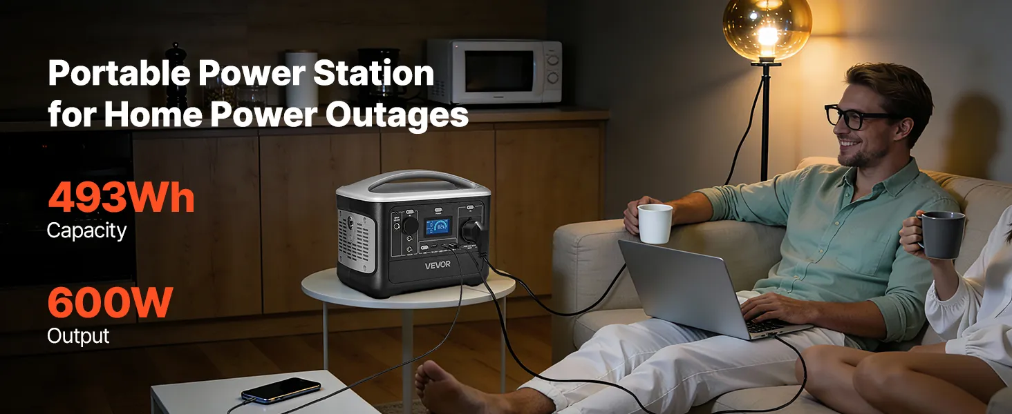 Met een hoge capaciteit van 493 Wh en een uitgangsvermogen van 600 W levert dit draagbare powerstation voldoende en betrouwbare stroom voor noodgevallen thuis en tijdens het kamperen in de buitenlucht – zodat u overal voorbereid en van stroom voorzien bent.
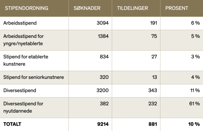 – Det har vært en spesiell tildelingsrunde med tanke på den akutte krisen i den norske kultursektoren. Det gjør at denne grunnmuren i norsk kunstnerøkonomi blir desto viktigere, sier hun.
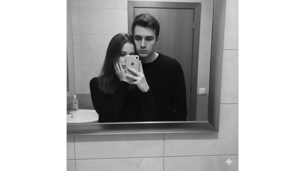 “Mirror selfie hitam-putih pasangan muda. Wanita memegang ponsel sebagian menutupi wajah, sementara tangannya yang lain menyentuh pipi pria. Pria menatap kamera dengan ekspresi serius. Nuansa dramatis, elegan, dan minimalis.”
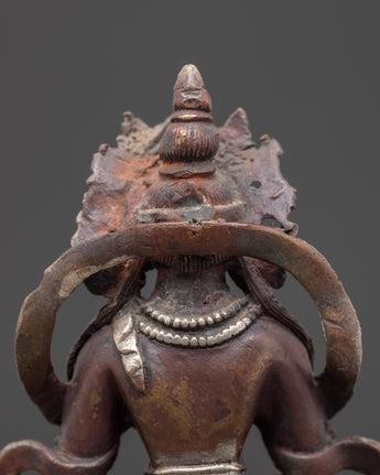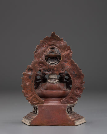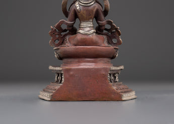 The statue's rich details are accentuated by the oxidized copper body, and Amitayus's robes, crown, and expression are highlighted by the silver plating. The lotus seat he sits on symbolizes purity and enlightenment, while his action of holding the vase symbolizes the constant flow of vitality. This statue is a sacred item for Buddhist art practitioners and collectors because of its exquisite craftsmanship, which symbolizes traditional Tibetan artwork. An important addition to any Buddhist altar, meditation area, or interior design is the Buddhist Longevity Icon Amitayus Statue. It is the perfect emblem for prayer and meditation since it represents the benefits of long life, good health, and spiritual development.
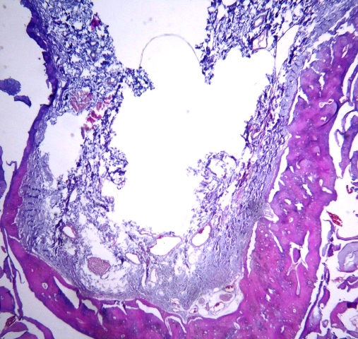 Histological examination of the slides obtained from all the samples was performed by a pathologist using a Leica binocular microscope equipped with a Sony digital color camera. The samples were examined by a blinded pathologist. Histomorphometric measurements of the slides were carried out using ImageJ software developed at the National Institutes of Health. The measurements consisted of the ratio of the area of newly formed bone to the area of the entire cavity, and the ratio of the area of fibrous connective tissue to the area of the entire cavity. The slides were also examined for the presence or absence of inflammation.
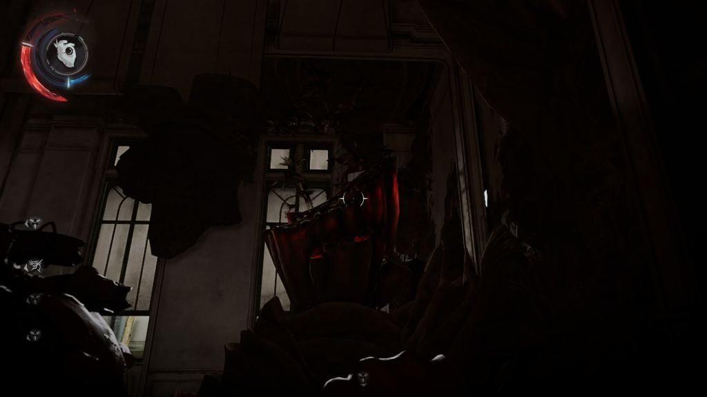 Le début est un peu longuet. Enfin… Peut-être pas en fait, le début ne se joue pas, il se regarde et ça le rend un peu long (je ne suis pas réputée pour ma patience). Mais l’apparition de la « méchante » Delilah vaut le détour. Et là vous commencez vraiment le jeu en choisissant d’incarner Corvo ou Emily. J’ai commencé avec Corvo et puis par curiosité, le soir suivant j’ai recommencé pour avoir Emily. Et je suis restée avec elle au final. Et je ne regrette pas. J’adore ses pouvoirs… Mais j’ai hâte de finir le jeu pour recommencer avec Corvo. Ils ont des pouvoirs complètements différents, notamment pour se déplacer. Corvo a son Clignement qui lui permet de se téléporter et Emily a Longue portée qui est difficile à expliquer. Disons qu’elle vise un point et elle se déplace automatiquement sur ce point. Ce n’est pas de la téléportation, c’est plutôt comme un point d’encrage qui l’attire une fois qu’elle l’a posé.

__TRY IT__
Output exactly the lines of the listing above that start with the one holding "selfie hitam-putih pasangan" and go on through the one holding "Histological examination of"; leave the pictures out.

__OUTPUT FOR THIS TASK__
 “Mirror selfie hitam-putih pasangan muda. Wanita memegang ponsel sebagian menutupi wajah, sementara tangannya yang lain menyentuh pipi pria. Pria menatap kamera dengan ekspresi serius. Nuansa dramatis, elegan, dan minimalis.”
 The statue's rich details are accentuated by the oxidized copper body, and Amitayus's robes, crown, and expression are highlighted by the silver plating. The lotus seat he sits on symbolizes purity and enlightenment, while his action of holding the vase symbolizes the constant flow of vitality. This statue is a sacred item for Buddhist art practitioners and collectors because of its exquisite craftsmanship, which symbolizes traditional Tibetan artwork. An important addition to any Buddhist altar, meditation area, or interior design is the Buddhist Longevity Icon Amitayus Statue. It is the perfect emblem for prayer and meditation since it represents the benefits of long life, good health, and spiritual development.
 Histological examination of the slides obtained from all the samples was performed by a pathologist using a Leica binocular microscope equipped with a Sony digital color camera. The samples were examined by a blinded pathologist. Histomorphometric measurements of the slides were carried out using ImageJ software developed at the National Institutes of Health. The measurements consisted of the ratio of the area of newly formed bone to the area of the entire cavity, and the ratio of the area of fibrous connective tissue to the area of the entire cavity. The slides were also examined for the presence or absence of inflammation.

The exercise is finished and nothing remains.